# Antwoorden van hoofdstuk 12: Networked programs

## Exercise 1
Change the socket program socket1.py to prompt the user for the
URL so it can read any web page. You can use `split('/')` to break the URL into
its component parts so you can extract the host name for the socket connect
call. Add error checking using try and except to handle the condition where
the user enters an improperly formatted or non-existent URL

### Antwoord

In [1]:
import socket

# url = 'http://data.pr4e.org/romeo.txt'
url = input("Enter url ")
parts = url.split("/")
hostname = parts[2]
mysock = socket.socket(socket.AF_INET, socket.SOCK_STREAM)
mysock.connect((hostname, 80))
cmd = ('GET %s HTTP/1.0\r\n\r\n' % url).encode()
mysock.send(cmd)

while True:
    data = mysock.recv(512)
    if len(data) < 1:
        break
    print(data.decode(), end='')

mysock.close()

Enter url  http://data.pr4e.org/romeo.txt


HTTP/1.1 200 OK
Date: Tue, 22 Nov 2022 11:59:20 GMT
Server: Apache/2.4.18 (Ubuntu)
Last-Modified: Sat, 13 May 2017 11:22:22 GMT
ETag: "a7-54f6609245537"
Accept-Ranges: bytes
Content-Length: 167
Cache-Control: max-age=0, no-cache, no-store, must-revalidate
Pragma: no-cache
Expires: Wed, 11 Jan 1984 05:00:00 GMT
Connection: close
Content-Type: text/plain

But soft what light through yonder window breaks
It is the east and Juliet is the sun
Arise fair sun and kill the envious moon
Who is already sick and pale with grief


## Exercise 2
Change your socket program so that it counts the number of
characters it has received and stops displaying any text after it has shown
3000 characters. The program should retrieve the entire document and count
the total number of characters and display the count of the number of
characters at the end of the document.

### Antwoord

In [2]:
import socket

# url = 'http://data.pr4e.org/romeo.txt'
url = input("Enter url ")
parts = url.split("/")
hostname = parts[2]
mysock = socket.socket(socket.AF_INET, socket.SOCK_STREAM)
mysock.connect((hostname, 80))
cmd = ('GET %s HTTP/1.0\r\n\r\n' % url).encode()
mysock.send(cmd)

accumulated = ""
while True:
    data = mysock.recv(512)
    if len(data) < 1:
        break
    accumulated += data.decode()

print("Total number of characters:", len(accumulated))
print("First 3000 bytes:", accumulated[:3000])
mysock.close()

Enter url  http://data.pr4e.org/romeo.txt


Total number of characters: 536
First 3000 bytes: HTTP/1.1 200 OK
Date: Tue, 22 Nov 2022 12:00:42 GMT
Server: Apache/2.4.18 (Ubuntu)
Last-Modified: Sat, 13 May 2017 11:22:22 GMT
ETag: "a7-54f6609245537"
Accept-Ranges: bytes
Content-Length: 167
Cache-Control: max-age=0, no-cache, no-store, must-revalidate
Pragma: no-cache
Expires: Wed, 11 Jan 1984 05:00:00 GMT
Connection: close
Content-Type: text/plain

But soft what light through yonder window breaks
It is the east and Juliet is the sun
Arise fair sun and kill the envious moon
Who is already sick and pale with grief



## Exercise 3
Use `urllib` to replicate the previous exercise of (1) retrieving the
document from a URL, (2) displaying up to 3000 characters, and (3) counting
the overall number of characters in the document. Don’t worry about the
headers for this exercise, simply show the first 3000 characters of the
document contents.

### Antwoord

In [3]:
import urllib

# url = 'http://data.pr4e.org/romeo.txt'
url = input("Enter url ")

webpage = urllib.request.urlopen(url).read()
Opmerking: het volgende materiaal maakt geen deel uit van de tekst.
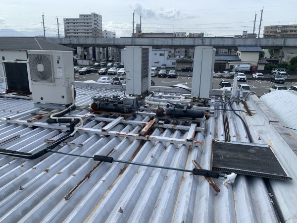 少し前になりますが、福岡県某所にて屋上に設置した機器類を地上へ移設する工事を行いました。天井材の老朽化により、雨漏り等が発生し天井への負荷を軽くする必要があったからです。真夏の時期の工事だった為、直射日光が激しく天井も熱々で、まるでフライパンの上のソーセージの気分でした。冷凍庫を冷やす前に自分を冷やさないといけないぐらいの暑さではありましたが、安全第一で無事施工完了です。

print("Total number of characters:", len(webpage))
print("First 3000 bytes:", webpage[:3000])
mysock.close()

Enter url  http://data.pr4e.org/romeo.txt


Total number of characters: 167
First 3000 bytes: b'But soft what light through yonder window breaks\nIt is the east and Juliet is the sun\nArise fair sun and kill the envious moon\nWho is already sick and pale with grief\n'


## Exercise 4
Change the urllinks.py program to extract and count paragraph (p)
tags from the retrieved HTML document and display the count of the
paragraphs as the output of your program. Do not display the paragraph text,
only count them. Test your program on several small web pages as well as
some larger web pages.

### Antwoord

In [5]:
# To run this, download the BeautifulSoup zip file
# http://www.py4e.com/code3/bs4.zip
# and unzip it in the same directory as this file

import urllib.request, urllib.parse, urllib.error
from bs4 import BeautifulSoup
import ssl

# Ignore SSL certificate errors
ctx = ssl.create_default_context()
ctx.check_hostname = False
ctx.verify_mode = ssl.CERT_NONE

url = input('Enter - ')
html = urllib.request.urlopen(url, context=ctx).read()
soup = BeautifulSoup(html, 'html.parser')
paragraphs = soup("p")
count = len(paragraphs)
print(count, "paragraphs found")

Enter -  https://docs.python.org


27 paragraphs found


## Exercise 5
(Advanced) Change the socket program so that it only shows data
after the headers and a blank line have been received. Remember that recv
receives characters (newlines and all), not lines.

### Antwoord

In [6]:
import socket

# url = 'http://data.pr4e.org/romeo.txt'
url = input("Enter url ")
parts = url.split("/")
hostname = parts[2]
mysock = socket.socket(socket.AF_INET, socket.SOCK_STREAM)
mysock.connect((hostname, 80))
cmd = ('GET %s HTTP/1.0\r\n\r\n' % url).encode()
mysock.send(cmd)

accumulated = ""
while True:
    data = mysock.recv(512)
    if len(data) < 1:
        break
    accumulated += data.decode()

# first try to find the sequence CarriageReturn + Linefeed + CarriageReturn + Linefeed
start = accumulated.find("\r\n\r\n")
if start == -1: # if not found try to find the sequence LineFeed + LineFeed
    start = accumulated.find("\n\n")
content = accumulated[start+2:]

print("Total number of characters:", len(content))
print("First 3000 bytes:", content[:3000])
mysock.close()

Enter url  http://data.pr4e.org/romeo.txt


Total number of characters: 169
First 3000 bytes: 
But soft what light through yonder window breaks
It is the east and Juliet is the sun
Arise fair sun and kill the envious moon
Who is already sick and pale with grief